Area Inside an Obtuse Triangle

From the problem, we can see that $AEDF$ is a parallelogram. Hence, $[DEF] = [AEDF] / 2$ . Next, note that $CED \sim CAB$ and $BDF \sim BCA$ . Furthermore, since $BD+DC=BC$ , their proportionality constants add up to 1. Let them be $x$ and $1-x$ respectively. Then, $[AEDF] = [ABC] - [BDF] - [CDE] = [ABC] (1-x^2-(1-x)^2)$ . By Power Mean Inequality, $x^2+(1-x)^2 \geq 1/2$ . Thus, $[AEDF] \leq [ABC] / 2$ , and $[DEF] \leq [ABC] / 4$ . We may easily compute $[ABC] = 360$ , so $[DEF] \leq 90$ . Equality is attained when $1-x = x, x=1/2$ , and $D$ is selected to be the midpoint of $BC$ . $DEF$ is known as the medial triangle of $ABC$ .

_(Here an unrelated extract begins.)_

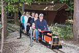 Dave Woldman adjusts the speed of his engine to get his train moving after taking on a load of riders. Ken finishes rider instruction as Frank Smoley waits for the departure call. |
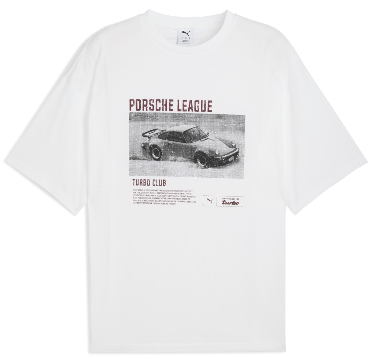 Свободный крой подчёркивает непринуждённость образа, а круглый вырез в рубчик добавляет удобства при носке. Главный визуальный акцент - графический принт Porsche League Turbo Club на груди, выполненный в лучших традициях гоночного стиля. Надпись PORSCHE на спине говорит сама за себя: Вы выбираете легенду, узнаваемую с первого взгляда.

We note that the area of a triangle is $\frac{ab\,\sin C}{2}$ , so $[ABC]=\frac{(AB)(AC)\, \sin\angle BAC}{2}=360$ and

$[DEF]=\frac{(DE)(DF)\,\sin \angle FDE}{2}$ . Thus, it suffices to maximize

$360\cdot\frac{[DEF]}{[ABC]} =360\cdot\frac{DE}{AB}\cdot\frac{DF}{AC}\cdot\frac{\sin\angle FDE}{\sin\angle BAC}\quad(1)$ .

Since $DE\parallel AB$ and $DF\parallel AC$ , we know that $AEDF$ is a parallelogram, and $\angle FDE=\angle BAC\implies\sin\angle FDE=\sin\angle BAC$ . Furthermore, $\triangle BFD\sim\triangle BAC$ and $\triangle CDE\sim\triangle CBA$ . Let us set $BD=x$ , which in turn, implies that $CD=30-x$ . Using these similar triangles, we can see that $\frac{DF}{AC}=\frac{x}{30}$ and $\frac{DE}{AB}=\frac{30-x}{30}$ .

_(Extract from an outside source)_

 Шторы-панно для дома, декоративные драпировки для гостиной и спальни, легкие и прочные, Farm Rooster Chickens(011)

When we substitute these ratios into $(1)$ , we see that we need to maximize $360\cdot\frac{30-x}{30}\cdot\frac{x}{30}\cdot1=\frac{-2x^2+60x}{5}$ . The maximum value of this quadratic expression occurs at $x=-\frac{60}{2(-2)}=15$ . We note that at the maximum, $D$ is the midpoint of ${BC}$ , $DE\parallel AB$ , and $DF\parallel AC$ , so $\triangle DEF$ is the medial triangle of $\triangle ABC$ , and has $\frac{1}{4}$ the area, so $\max([DEF])=\frac{1}{4}\cdot 360=\boxed{90}$ .

First, draw the figure and determine the angles. Now assume $DC=x, BD=b-x$ , where $b=BC=30$ . From $\triangle DEC$ , we can write $ED=\frac{\sin{C}}{\sin{A}}x$ and from $\triangle FDB$ we can write $FD=\frac{\sin{B}}{\sin{A}}(b-x)$ . Hence $[DEF]=\frac{1}{2}DE\times DF \sin \angle FDE$ $=\frac{1}{2}\frac{\sin{C}\sin{B}}{\sin{A}}x(b-x)$

Clearly, $[DEF]$ is maximized at $x=\frac{b}{2}=15$ . And $[DEF]_{\max}$ $=\frac{b^2}{8}\frac{1}{\cot{C}+\cot{B}}$ (by writing $\sin{A}=\sin({B+C})$ and dividing the Dr. by the Nr.) $= \frac{30\times 24}{8}=90$

Let $a=\frac{BD}{BC}$ . Since $DEF$ is congruent to $AFE$ , we have $[ABC]=[FBD]+2[DEF]+[EDC]$ , which implies that $[DEF]=\left(\frac{1-a^2-(1-a)^2}{2}\right)[ABC]=a(1-a)[ABC]$

As $D$ varies on $BC$ , this allows $a$ to vary in $[0,1]$ while $[ABC]$ remains fixed. Thus the maximum occurs when $a(1-a)$ is maximized, which is at $a=\frac{1}{2}$ . Then $[DEF]=\frac{1}{4}[ABC]=90$

We let the ratio BD/BC be r. To maximize the area of DEF, we will find the optimal value of r. Note that triangle EDC is similar to triangle ABC. We then have that ED/DC = AB/BC, which yields that DE = (1-r)AB. We now drop a perpendicular from B to DE, and call the intersection G. Note that BGD will stay the same shape no matter where D is chosen. If we let BG/BD = k, we then have that BG = (kr)BC. The area of triangle DEF, from the base-height formula, is DE BG/2 = AB BC kr(1-r)/2. Since AB, BC, and k are fixed, we need to maximize r(1-r), which occurs at r = 1/2. Thus, D is the midpoint of BC. From the midpoint-parallel line theorem, E and F are the midpoints of AC and AB, respectively. Note that triangles AFE, DEF, FBD, and EDC are all congruent. Thus, the area of DEF is one-fourth that of ABC. The area of ABC, using the base-height formula, is 30 24/2 = 360. Dividing by four to get the area of DEF yields 90.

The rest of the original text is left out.